Он выслушал меня не без внимания. Трогательная выдумка о несчастном должнике, очевидно, подействовала на него. Искусно переведя разговор, я мало-помалу заставила графа отвечать на мои вопросы. Его смущение уменьшилось, хотя видимая непривычка к женщинам и какая-то странная боязнь делали его речь тяжелой и ненаходчивой даже в самой обыкновенной болтовне. Я зато говорила без умолку о дорожных приключениях, о новых сонетах модного поэта и тому подобных невинных пустяках, которые могли бы усыпить самую подозрительную недоверчивость.
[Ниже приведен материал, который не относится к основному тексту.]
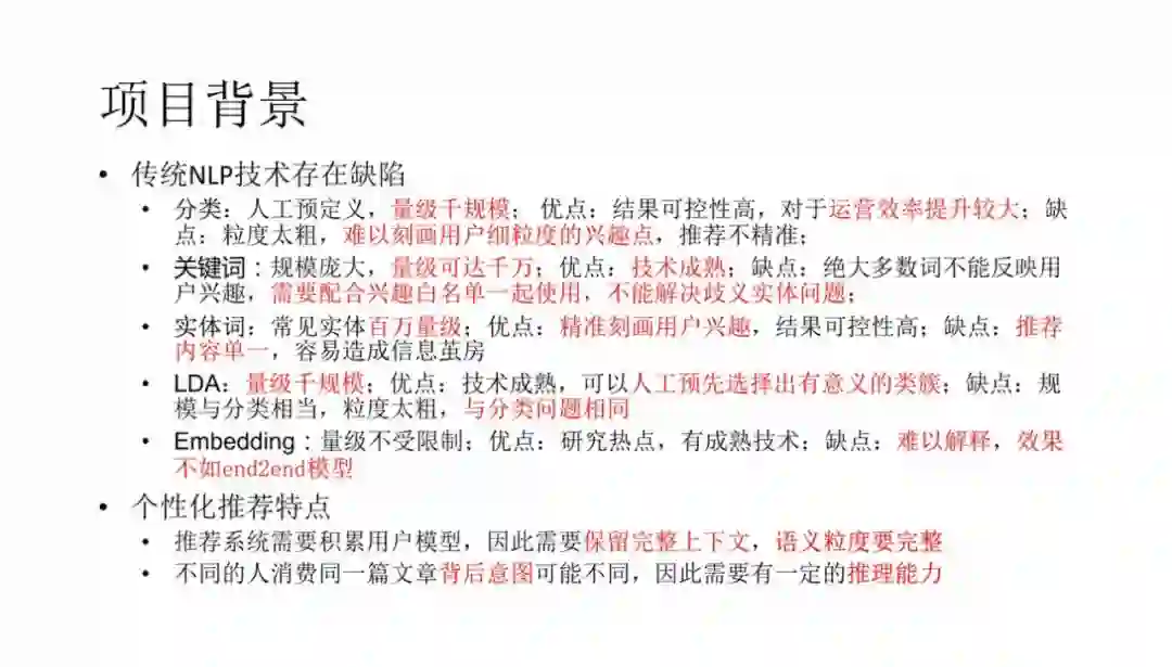 以上是整个项目的背景,我们总结一下。传统 NLP 技术存在缺陷:

— Синьор, — заговорила я совершенно неожиданно, когда мне показалось, что граф уже достаточно подготовлен к моему признанию, — синьор, я не скрою, что не только дело бедного Луиджи привело меня к вам. Поверьте, вы имеете гораздо больше, чем вам это кажется, самых искренних друзей, которые горячо волнуются вашим странным образом жизни; таким неестественным в ваши года отчуждением от людей, от веселья, от всех радостей, так широко открывшихся бы перед вами, если бы вы только пожелали. Не праздное любопытство, а только любовь привела сегодня меня сюда.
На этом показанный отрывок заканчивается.